In a ruling issued in Waldo County Superior Court last week, Justice Donald H. Marden ruled that Mark W. Haskell was not guilty of the civil offense because the personal watercraft law was a violation of his “substantive due process rights.”
Marden described the state law allowing municipalities to prohibit personal watercraft from bodies of water within their boundaries as “unduly arbitrary.” The ban on Lake St. George was enacted at the 2005 town meeting.
Haskell, 54, of Camden, who owns property on Lake St. George, intentionally set out to challenge the town’s ban that summer. He succeeded at 1:50 p.m. July 3, 2005, when game warden Mark Merrifield, who was patrolling the lake in his boat, observed Haskell riding his Sea-Doo.
Merrifield was aware that the town prohibited personal watercraft on the lake, and when he approached Haskell, Haskell told him he disagreed with the ban and asked to be issued a ticket. Haskell told Merrifield he wanted “to contest the law and fight it,” according to court documents.
During the trial, witnesses testified that inboard and outboard motors were allowed on the lake and that many were much louder than personal watercraft motors.

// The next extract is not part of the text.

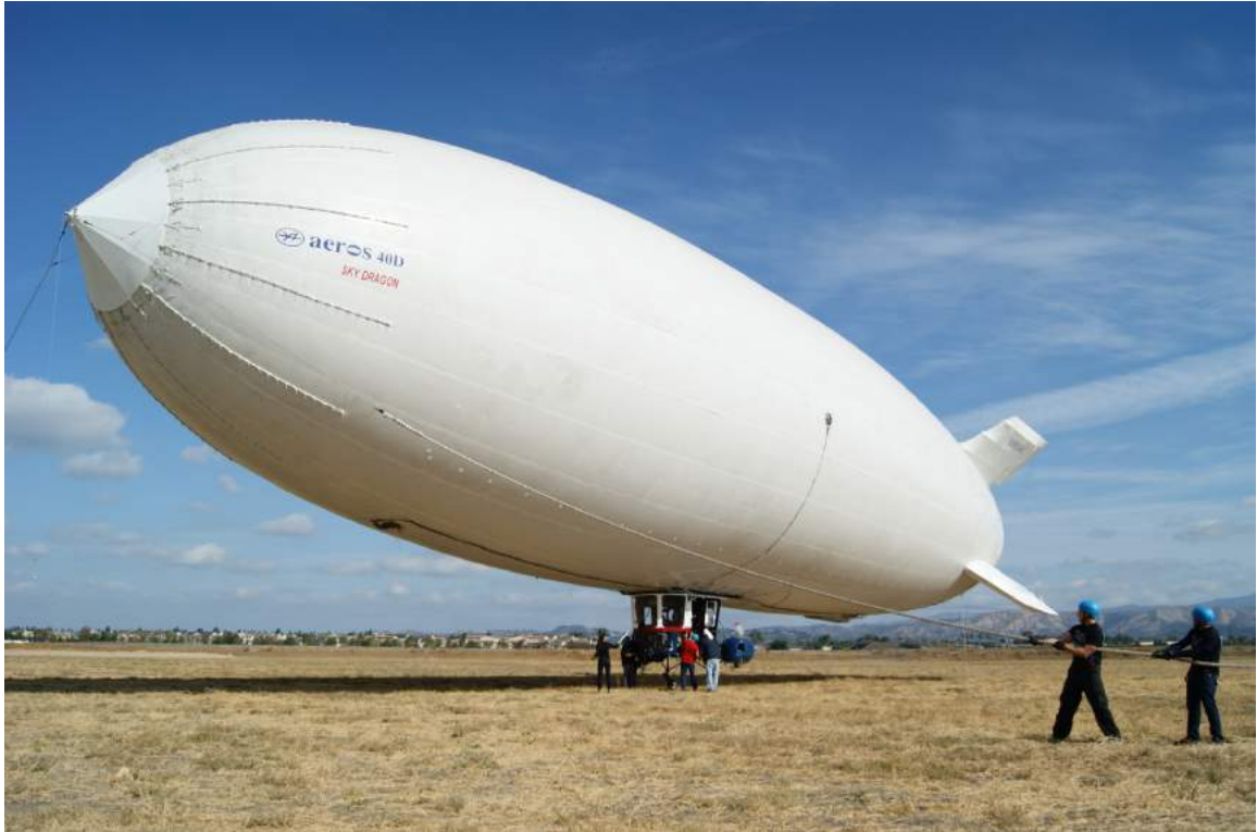
Aeros 40D.

Merrifield and other wardens testified that they use personal watercraft for patrols and that they generally make a smaller wake. Merrifield testified that jet-powered boats were not banned from the lake and that Lake St. George was also used by seaplanes.
Also entered as evidence was a New Jersey newspaper article describing sound tests of personal watercraft and powerboats that concluded that the “water jets” were more quiet. Noise tests conducted by the New Jersey State Police Marine Law Enforcement Bureau reached similar conclusions, according to the ruling. Also presented as evidence was an Environmental Protection Agency finding that personal watercraft emissions were lower than outboard motors of similar power.
Documentation from Florida that indicated that “flushing distances” of watercraft on waterfowl showed that 65 percent of the species studied showed no difference in flush distance by the approach of either a powerboat or personal watercraft.
“Despite their reputation for noise and wildlife disturbance, the direct approach of a personal watercraft rarely elicited a greater flush distance. Rather, where there was a significant difference in the flush distance, the conventional outboard powered boat most often exhibited the larger flush distances,” according to the study.
Justice Marden noted that the state has many laws in place that govern the operation of all types of watercraft.
In his ruling Marden stated that “the threat to the public welfare is created not by the instrument, the boat, but by the nature of its operation.” He stated that “the unrebutted information is that when a personal watercraft is operated responsibly, not in violation of the many rules and regulations regarding such personal watercraft, it is not more dangerous to the environment, to wildlife and to others than powered boats, snowmobiles or marine aircraft.”
Marden also noted a 1919 Supreme Court opinion that clarified the “right of the individual to fish and fowl” on the state’s great ponds “provided he can do so without committing trespass.” It also established the “right of boating, baiting, cutting ice” as public purposes. Boating was a “fundamental right,” Marden ruled.
“The state argues that the defendant has the right to fish or fowl but not for recreation,” Marden wrote. “The argument is irrelevant. The fundamental right is for boating whether it is for recreation or any other purpose.”